Annual Long Term Incentive Plan (“LTIP”):
•Annual LTIP Awards Granted: During the nine months ended September 30, 2024, we granted 810,615 RSUs pursuant to LTIP awards. Each award includes components which vest based on time-vesting conditions, market based vesting conditions, and performance based vesting conditions, each of which is subject to continued employment through the applicable vesting date.
LTIP time-vesting RSUs vest in three equal annual installments based on an anniversary date of March 1st. LTIP PRSUs may be earned based on the achievement of certain measures over a three year performance period. The number of PRSUs earned will be determined based on performance achieved during the performance period for each measure at certain threshold, target, or maximum levels and corresponding payout ranges. In general, the LTIP PRSUs are earned after the end of the performance period on the date on which the performance results are certified by our compensation and management development committee (the “Compensation Committee”).

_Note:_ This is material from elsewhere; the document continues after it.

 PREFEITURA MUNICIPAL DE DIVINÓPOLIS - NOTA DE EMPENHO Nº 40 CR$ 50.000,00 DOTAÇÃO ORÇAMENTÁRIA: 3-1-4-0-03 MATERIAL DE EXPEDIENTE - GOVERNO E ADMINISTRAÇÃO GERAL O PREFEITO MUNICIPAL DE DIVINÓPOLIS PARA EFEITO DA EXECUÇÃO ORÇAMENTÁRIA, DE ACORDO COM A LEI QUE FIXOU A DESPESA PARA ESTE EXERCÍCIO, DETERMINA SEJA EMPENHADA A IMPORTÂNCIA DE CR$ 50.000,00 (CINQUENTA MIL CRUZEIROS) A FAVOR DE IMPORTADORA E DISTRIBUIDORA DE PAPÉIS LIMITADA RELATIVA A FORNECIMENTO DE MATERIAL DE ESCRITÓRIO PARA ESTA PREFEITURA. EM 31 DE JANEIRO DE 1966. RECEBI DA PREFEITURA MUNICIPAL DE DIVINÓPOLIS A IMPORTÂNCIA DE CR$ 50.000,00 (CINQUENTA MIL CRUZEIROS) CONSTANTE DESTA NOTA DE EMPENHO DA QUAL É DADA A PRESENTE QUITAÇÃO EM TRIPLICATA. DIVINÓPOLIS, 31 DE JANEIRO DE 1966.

All of the LTIP Awards are subject to certain change in control and retirement eligibility provisions that may impact these vesting schedules.

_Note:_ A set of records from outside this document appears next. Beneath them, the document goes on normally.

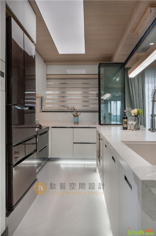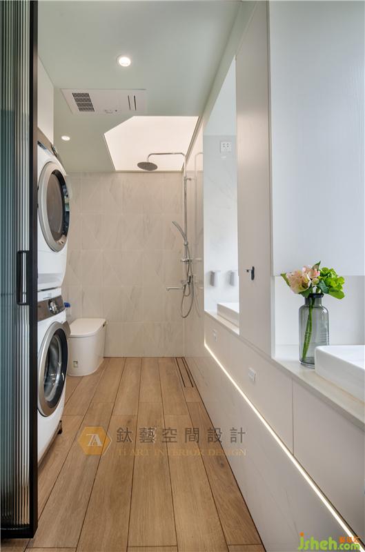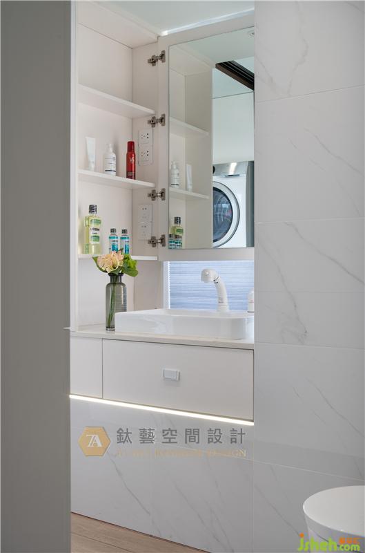 窗,留住光影虚实的痕迹,让空间拥有不同层次的表现,回应使用者对于空间完美使用的渴望,卫生间飘窗原只是作为简单的物件盛放处,经过巧妙的变思后实现华丽变身,素净的白色镜柜与简雅而高品质的洁具一体化设计,大大节省了空间,增强了收纳功能的同时镜柜的设计还保留原有空间采光及窗外美景。装修设计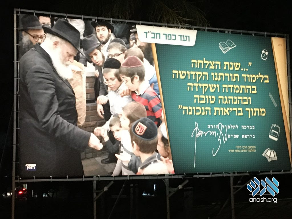 Alongside a stunning JEM picture of the Rebbe handing out tzedakah coins to children, the new sign reads “… A successful year in learning our holy Torah diligently and seriously; in good conduct and in good health… with blessing for learning Torah with fear of Heaven…”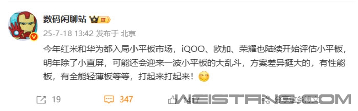 在小尺寸平板市场,苹果iPad mini系列多年来几乎独占鳌头。 如今,越来越多的国产厂商开始重视被iPad mini占据的小平板市场。 今日,数码博主“数码闲聊站”表示,今年REDMI和华为都入局小平板市场,vivo子品牌iQOO、OPPO、荣耀也陆续开始评估小平板,明年可能会迎来一波小平板的大乱斗。 这些国产小平板方案差异很大,有主打性能的,也有主打全能轻薄的。 据了解,今年6月,对标iPad mini的REDMI K Pad发布,这是REDMI首款旗舰小平板,售价2799元起。 K Pad采用8.8英寸LCD屏幕,分辨率为3008*1880,支持165Hz刷新率,拥有403ppi、700尼特全局亮度,搭载天玑9400+旗舰处理器。 据爆料,华为的小尺寸平板预计9月发布,屏幕也是8.8英寸,采用16:9的比例,预计支持蜂窝网络。 |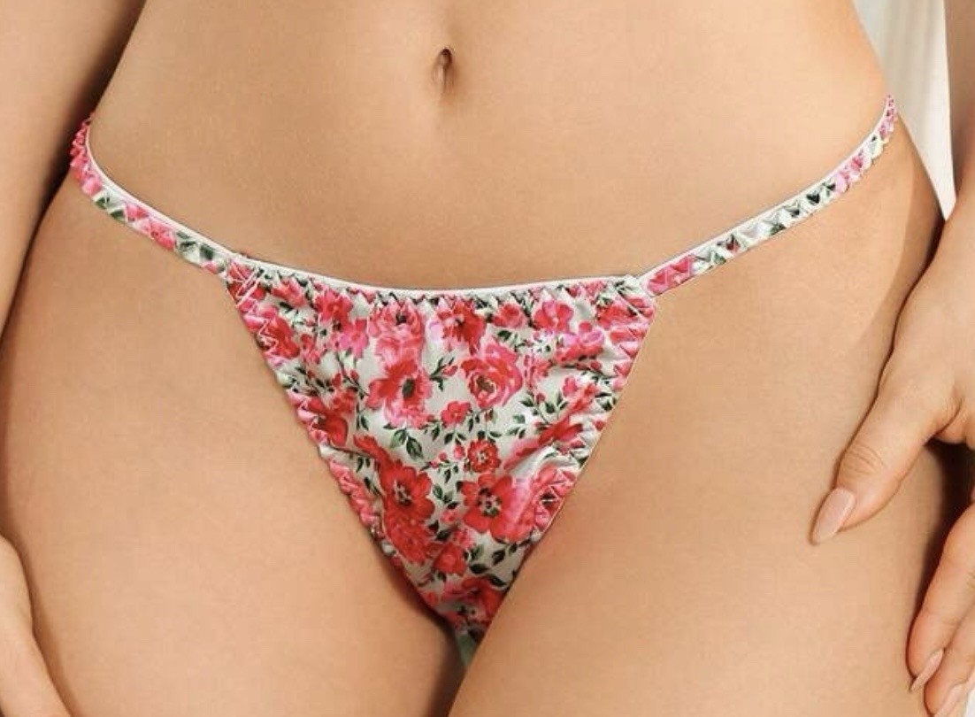 как выглядит VTG 90 s Style Satin Polyester String Bikini Multi-Floral Panties XL NEW фото

•PRSU Results: During the nine months ended September 30, 2024, certain LTIP PRSUs vested and achieved performance in excess of the target level, resulting in the issuance of an additional 193,615 shares of common stock. Such awards are reflected as an increase in the number of awards granted and vested in the table below.
35
INVITATION HOMES INC.
NOTES TO CONDENSED CONSOLIDATED FINANCIAL STATEMENTS
(dollar amounts in thousands)
(unaudited)
Other Award Activity
•Director Awards: During the nine months ended September 30, 2024, we granted 47,970 time-vesting RSUs to members of our board of directors, which will fully vest on the date of INVH’s 2025 annual stockholders meeting, subject to continued service on the board of directors through such date.
Outperformance Awards
On May 1, 2019, the Compensation Committee approved equity based awards in the form of PRSUs and OP Units (the “2019 Outperformance Awards”). The 2019 Outperformance Awards included market based vesting conditions related to absolute and relative total shareholder returns (“TSRs”) over a three year performance period that ended on March 31, 2022. In April 2022, the absolute TSR and the relative TSR were separately calculated, and the Compensation Committee certified achievement of each at maximum achievement. The number of earned 2019 Outperformance Awards was then determined based on the earned dollar value of the awards (at maximum) and the stock price at the performance certification date, resulting in 311,425 earned PRSUs and 498,224 earned OP Units. Earned awards vested 50% on the certification date in April 2022, 25% vested on March 31, 2023, and the remaining 25% vested on March 31, 2024. The estimated fair value of 2019 Outperformance Awards that fully vested during the nine months ended September 30, 2024 was an aggregate $2,808. The aggregate $12,160 grant-date fair value of the 2019 Outperformance Awards that were earned was determined based on Monte-Carlo option pricing models which estimated the probability of achievement of the TSR thresholds. The grant-date fair value was amortized ratably over each vesting period.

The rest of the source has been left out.